PyYAML>=5.3: Installed. No version info available.
requests: 2.31.0
requests-toolbelt: 1.0.0
requests<3,>=2: Installed. No version info available.
rich: 14.1.0
SQLAlchemy<3,>=1.4: Installed. No version info available.
tenacity!=8.4.0,<10,>=8.1.0: Installed. No version info available.
tenacity!=8.4.0,<10.0.0,>=8.1.0: Installed. No version info available.
tiktoken<1,>=0.7: Installed. No version info available.
typing-extensions>=4.7: Installed. No version info available.
zstandard: 0.23.0

Answer 1 · 2025-09-18T13:55:33.000Z

use_responses_api=True

vllm doesn't yet support the OpenAI Responses API. vllm-project/vllm#14721

Unset the param and it should hopefully work (having issues with vllm on my MacBook; can't test)
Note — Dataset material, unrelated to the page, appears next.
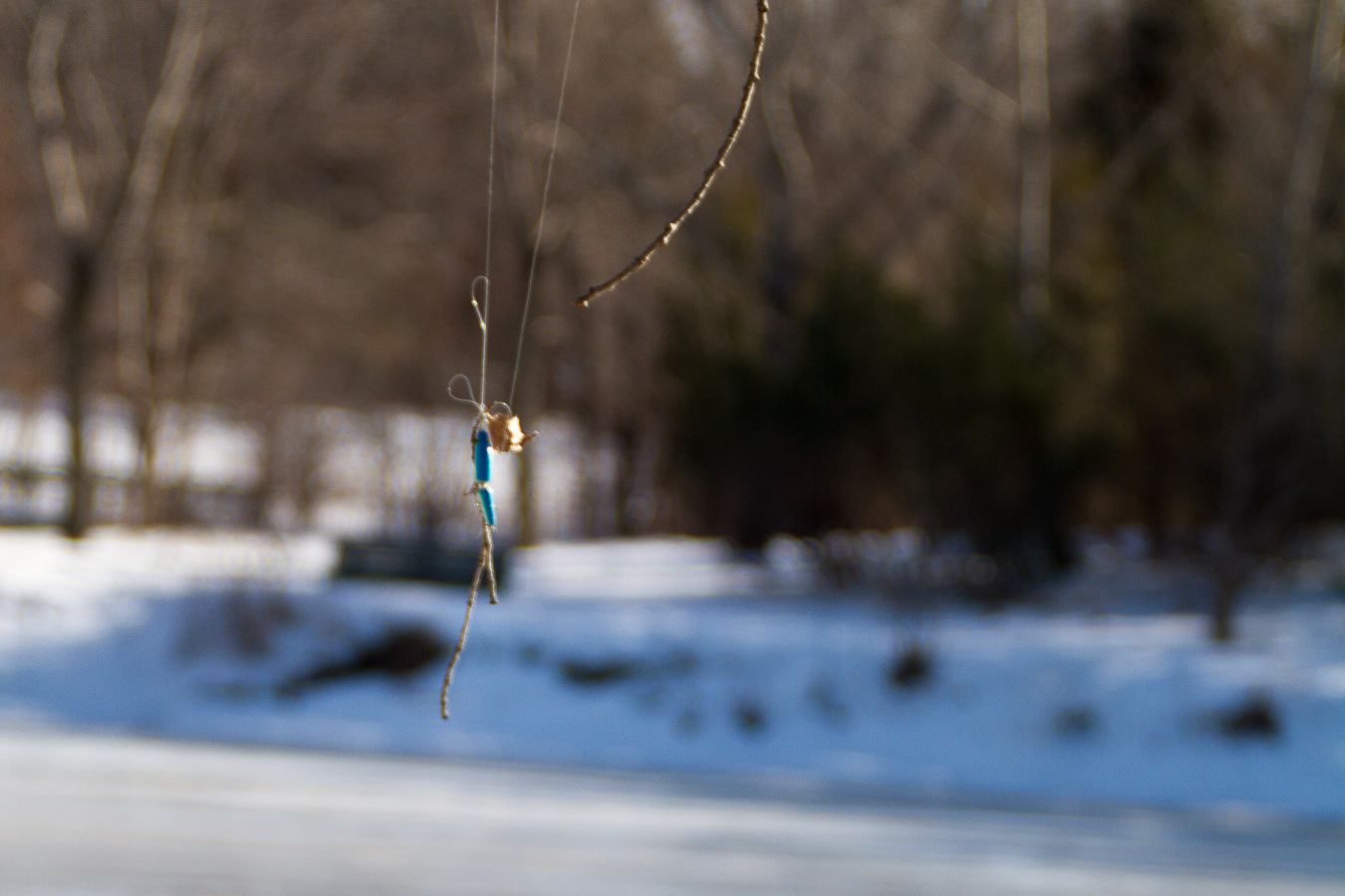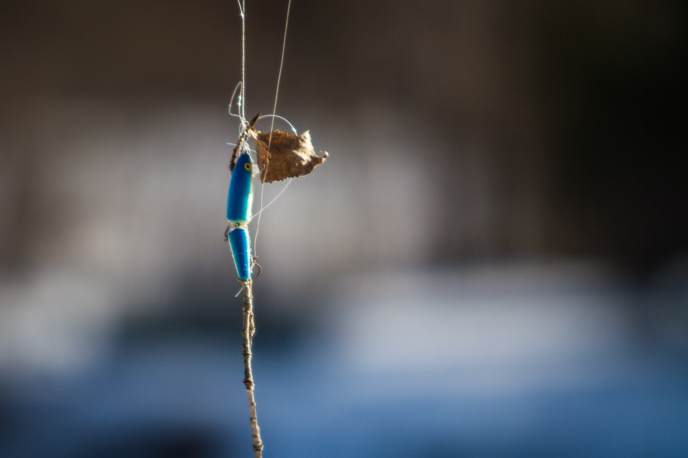Un leurre pour la pêche au lancer. Pris dans les arbres.  Je n’ai pas pu m’empêcher d’imaginer ce qu’a pu dire le pêcheur en voyant son fil pris et hors de portée.

Answer 2 · 2025-09-18T15:03:30.000Z

@mdrxy I have tried without use_responses_api=True.

from langchain_openai import ChatOpenAI
llm = ChatOpenAI(
    model="openai/gpt-oss-20b",
    base_url="http://localhost/v1",
    api_key="EMPTY",
    temperature=0.0,
    max_tokens=10000,
    timeout=180,
    max_retries=2
)

After bind_tools, my llm_with_tools can not return a AIMessage with tool_calls information. If I create my agent with langgraph create_react_agent function, then I will receive something like.

Answer 3 · 2025-09-29T06:54:57.000Z

Hi, I faced the same issue... and just wondered if you have solve this problem or not..

Answer 4 · 2025-10-02T13:27:13.000Z

Hi @wldlsyy. I temporarily used openai-agents SDK to interact with GPS-OSS-20B model. You can install it by 'pip install openai-agents' while waiting any solutions to come later.